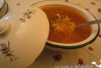 Esta sopa es una bomba de vitaminas y minerales por la combinación de verduras que lleva, es por tanto recomendable para todo el mundo, incluso para personas que deseen bajar de peso ya que el aporte calórico es mínimo debido a su bajo contenido en grasa y en hidratos de carbono.Si utilizáis una olla rápida al reducir considerablemente el tiempo de cocción, no se pierden tantos nutrientes, en especial las vitaminas y minerales.La podéis preparar con antelación e incluso hacer más cantidad de la necesaria y congelarla para otro día.
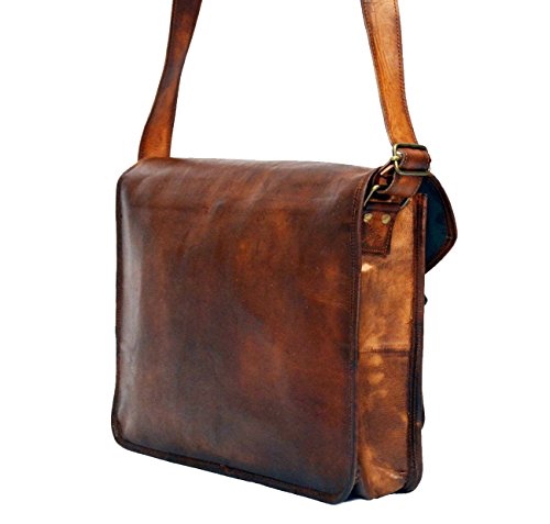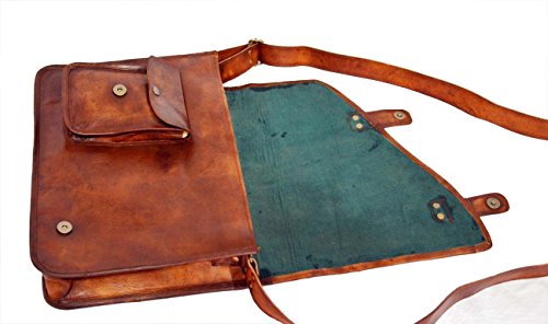 Product Description Made using 100% genuine goat leather. 15-inch messenger bag lasts long. The leather is put through a traditional process called 'vegetable tanning' to help retain the original characteristics of the material for flexibility and sturdy. Adjustable shoulder strap enough for crossbody. 3 inner compartment and 2 zipper pocket. New genuine leather bag handcrafted with vintage style. Best for gifting solution. Use as leather bag, Leather messenger bag, leather laptop bag, leather satchel bag. 0
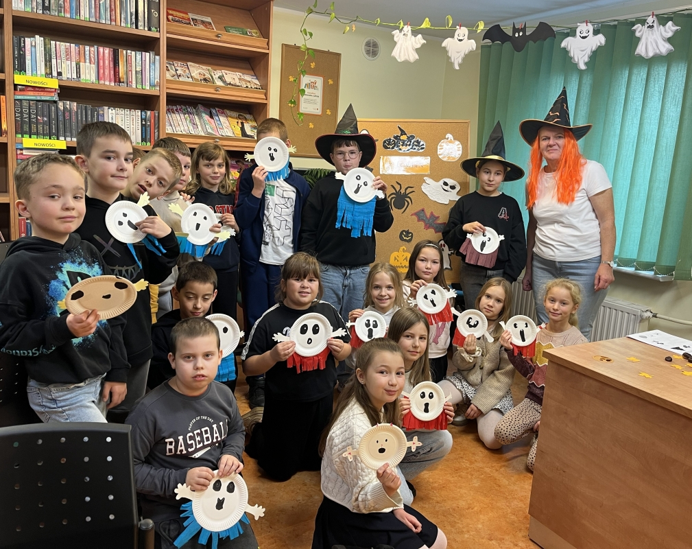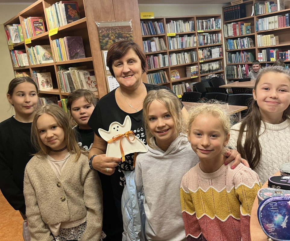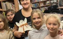 Spotkanie upłynęło w radosnej, twórczej atmosferze, łącząc czytelnictwo z dobrą zabawą. Takie wizyty pokazują, że biblioteka to nie tylko miejsce wypożyczania książek, ale także przestrzeń inspirujących spotkań i wspólnego odkrywania świata – nawet tego z nutą „strasznego” klimatu.
_ _ _ _ _ _ _
**Work task**
Print all the lines above exactly as they are, but without the pictures.

**Completed exercise**
 Esta sopa es una bomba de vitaminas y minerales por la combinación de verduras que lleva, es por tanto recomendable para todo el mundo, incluso para personas que deseen bajar de peso ya que el aporte calórico es mínimo debido a su bajo contenido en grasa y en hidratos de carbono.Si utilizáis una olla rápida al reducir considerablemente el tiempo de cocción, no se pierden tantos nutrientes, en especial las vitaminas y minerales.La podéis preparar con antelación e incluso hacer más cantidad de la necesaria y congelarla para otro día.
 Product Description Made using 100% genuine goat leather. 15-inch messenger bag lasts long. The leather is put through a traditional process called 'vegetable tanning' to help retain the original characteristics of the material for flexibility and sturdy. Adjustable shoulder strap enough for crossbody. 3 inner compartment and 2 zipper pocket. New genuine leather bag handcrafted with vintage style. Best for gifting solution. Use as leather bag, Leather messenger bag, leather laptop bag, leather satchel bag. 0
 Spotkanie upłynęło w radosnej, twórczej atmosferze, łącząc czytelnictwo z dobrą zabawą. Takie wizyty pokazują, że biblioteka to nie tylko miejsce wypożyczania książek, ale także przestrzeń inspirujących spotkań i wspólnego odkrywania świata – nawet tego z nutą „strasznego” klimatu.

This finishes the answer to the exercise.